======== AVAILABLE RECORDS

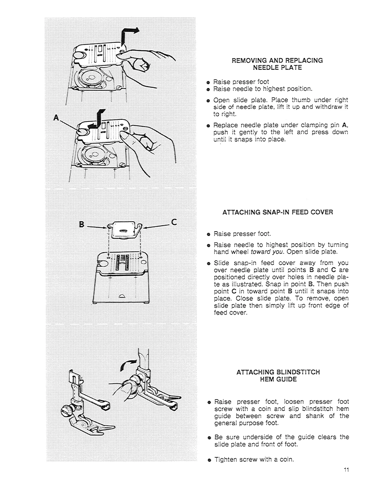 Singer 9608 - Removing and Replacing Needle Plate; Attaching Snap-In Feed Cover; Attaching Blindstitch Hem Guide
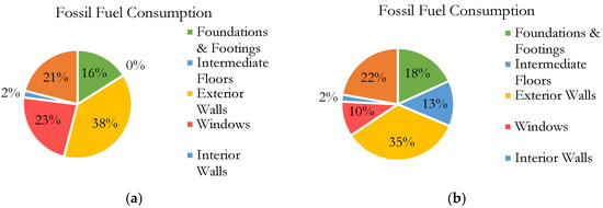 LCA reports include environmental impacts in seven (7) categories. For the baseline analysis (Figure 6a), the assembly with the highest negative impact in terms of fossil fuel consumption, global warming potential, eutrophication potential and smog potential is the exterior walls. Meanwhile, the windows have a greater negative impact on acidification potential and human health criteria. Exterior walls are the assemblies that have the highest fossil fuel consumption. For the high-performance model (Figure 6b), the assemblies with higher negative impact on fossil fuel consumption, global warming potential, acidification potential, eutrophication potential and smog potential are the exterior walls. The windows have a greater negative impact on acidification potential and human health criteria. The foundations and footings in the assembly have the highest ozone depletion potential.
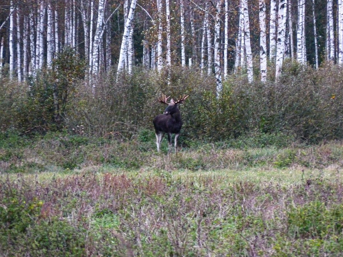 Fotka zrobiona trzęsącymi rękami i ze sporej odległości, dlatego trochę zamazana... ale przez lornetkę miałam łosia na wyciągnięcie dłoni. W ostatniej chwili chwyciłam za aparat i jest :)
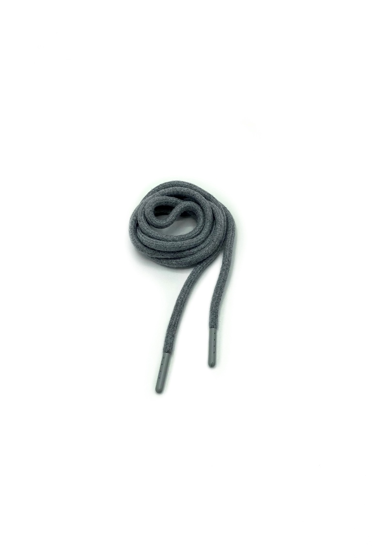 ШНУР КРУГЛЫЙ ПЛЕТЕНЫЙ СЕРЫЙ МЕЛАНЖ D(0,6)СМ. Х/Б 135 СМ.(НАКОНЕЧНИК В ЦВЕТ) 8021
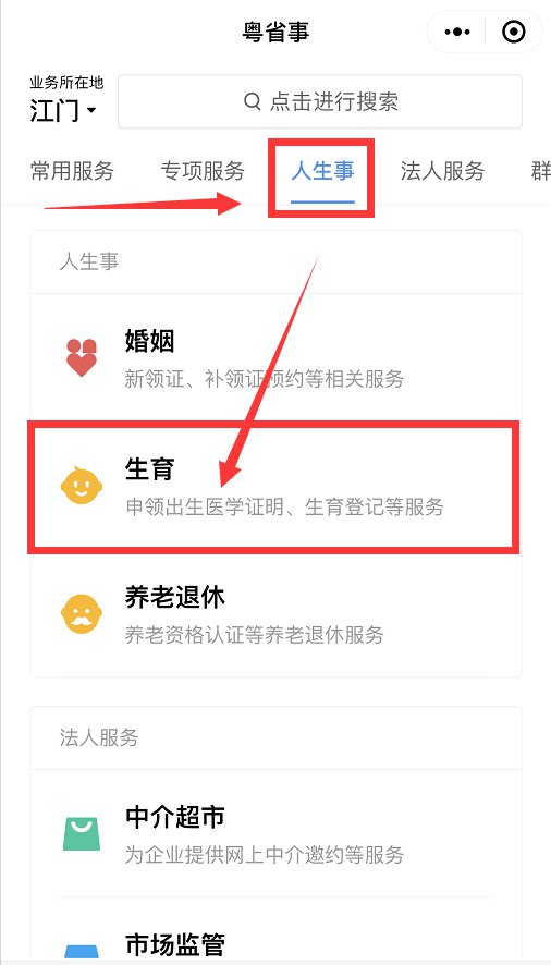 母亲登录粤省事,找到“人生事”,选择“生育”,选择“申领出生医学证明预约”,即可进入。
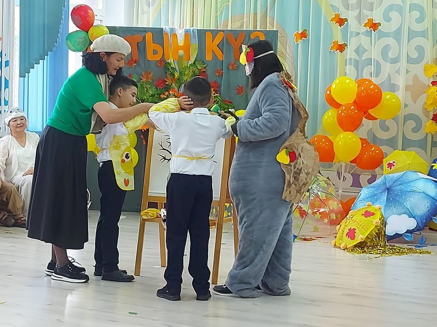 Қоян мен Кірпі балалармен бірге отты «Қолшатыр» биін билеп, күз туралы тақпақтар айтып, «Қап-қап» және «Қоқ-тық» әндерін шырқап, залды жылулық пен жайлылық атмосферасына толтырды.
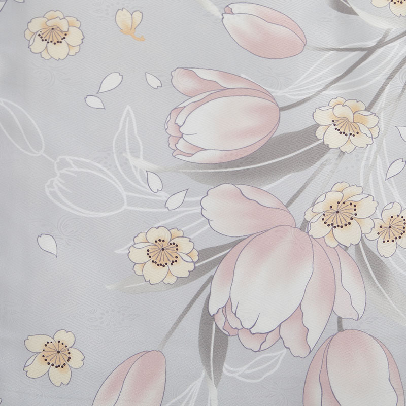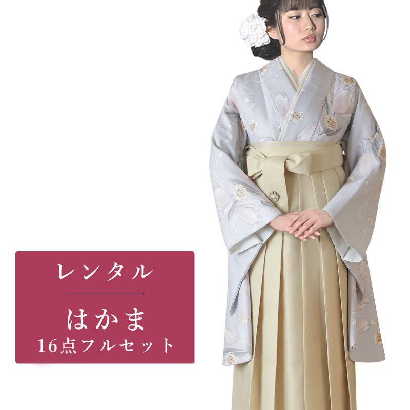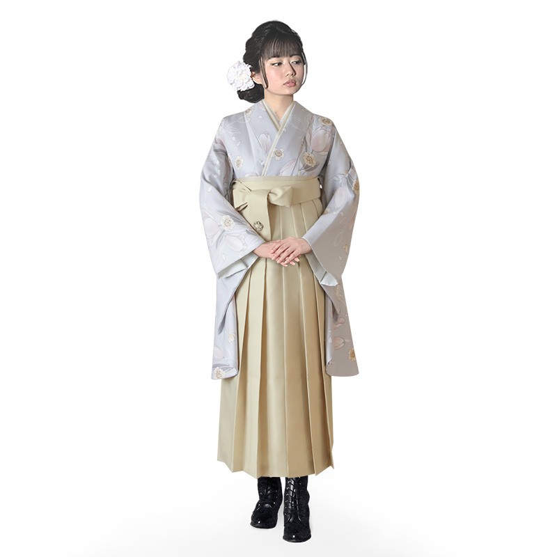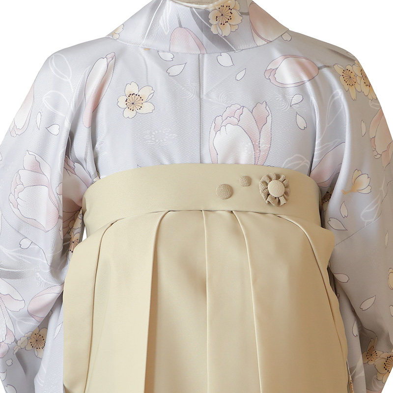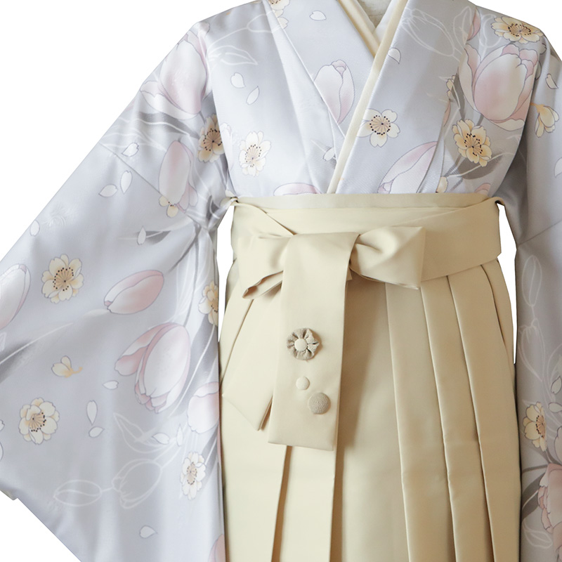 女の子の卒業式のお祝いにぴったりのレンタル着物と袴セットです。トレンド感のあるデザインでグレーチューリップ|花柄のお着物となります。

================
======== AVAILABLE RECORDS

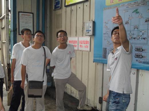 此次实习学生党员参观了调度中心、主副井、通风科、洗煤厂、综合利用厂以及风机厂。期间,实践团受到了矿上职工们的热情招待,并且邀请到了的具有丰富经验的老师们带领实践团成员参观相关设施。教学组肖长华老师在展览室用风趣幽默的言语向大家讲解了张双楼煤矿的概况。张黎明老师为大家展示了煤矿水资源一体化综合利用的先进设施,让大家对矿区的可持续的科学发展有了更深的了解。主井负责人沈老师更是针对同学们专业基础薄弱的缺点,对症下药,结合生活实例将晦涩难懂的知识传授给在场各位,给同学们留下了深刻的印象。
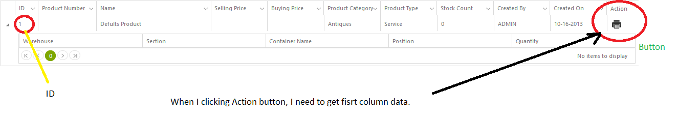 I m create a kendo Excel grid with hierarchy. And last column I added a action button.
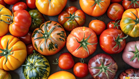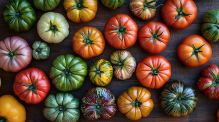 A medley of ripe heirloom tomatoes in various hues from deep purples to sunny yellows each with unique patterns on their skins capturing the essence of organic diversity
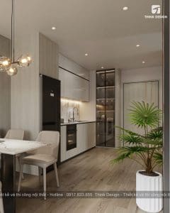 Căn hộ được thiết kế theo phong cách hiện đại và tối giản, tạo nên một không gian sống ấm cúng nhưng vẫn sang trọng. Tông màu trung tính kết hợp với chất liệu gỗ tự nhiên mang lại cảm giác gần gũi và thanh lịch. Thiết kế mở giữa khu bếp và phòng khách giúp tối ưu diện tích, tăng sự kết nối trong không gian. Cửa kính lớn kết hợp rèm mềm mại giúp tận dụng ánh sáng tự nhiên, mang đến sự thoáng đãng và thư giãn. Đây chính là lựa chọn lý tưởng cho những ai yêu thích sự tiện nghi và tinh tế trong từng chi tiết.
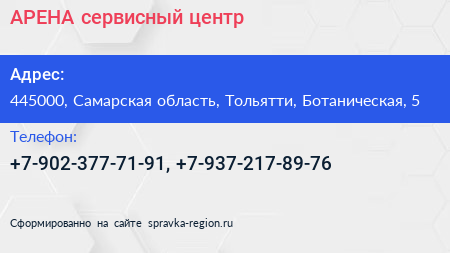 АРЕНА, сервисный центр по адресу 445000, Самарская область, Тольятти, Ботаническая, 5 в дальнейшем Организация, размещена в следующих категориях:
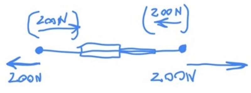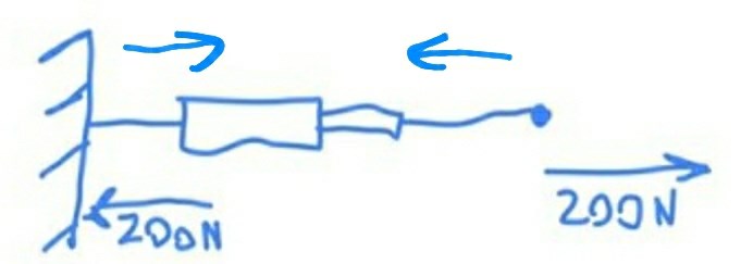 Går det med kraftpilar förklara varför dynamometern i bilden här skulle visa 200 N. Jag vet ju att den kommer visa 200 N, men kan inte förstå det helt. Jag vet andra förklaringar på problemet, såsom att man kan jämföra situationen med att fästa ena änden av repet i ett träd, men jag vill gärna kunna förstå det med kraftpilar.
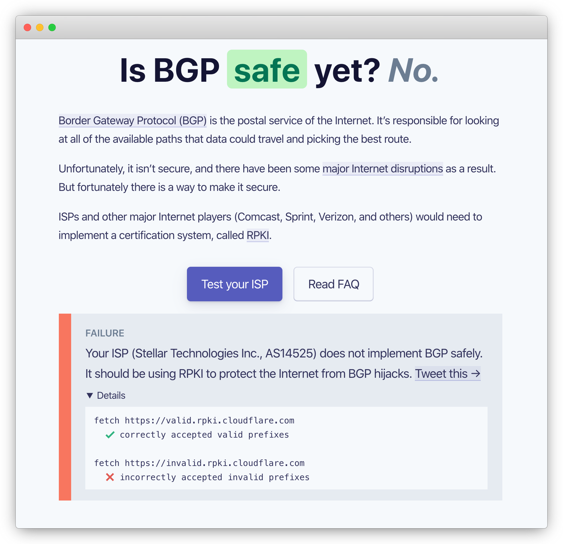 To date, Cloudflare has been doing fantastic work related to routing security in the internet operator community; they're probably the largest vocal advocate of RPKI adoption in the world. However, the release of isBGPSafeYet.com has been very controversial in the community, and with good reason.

================

#### TASK TO CARRY OUT
The lines to copy exactly start with the line above that has "АРЕНА, сервисный центр" and go on through the line that has "To date, Cloudflare"; please include both, add nothing else, and omit the pictures.

#### SOLVED PROBLEM
 АРЕНА, сервисный центр по адресу 445000, Самарская область, Тольятти, Ботаническая, 5 в дальнейшем Организация, размещена в следующих категориях:
 Går det med kraftpilar förklara varför dynamometern i bilden här skulle visa 200 N. Jag vet ju att den kommer visa 200 N, men kan inte förstå det helt. Jag vet andra förklaringar på problemet, såsom att man kan jämföra situationen med att fästa ena änden av repet i ett träd, men jag vill gärna kunna förstå det med kraftpilar.
 To date, Cloudflare has been doing fantastic work related to routing security in the internet operator community; they're probably the largest vocal advocate of RPKI adoption in the world. However, the release of isBGPSafeYet.com has been very controversial in the community, and with good reason.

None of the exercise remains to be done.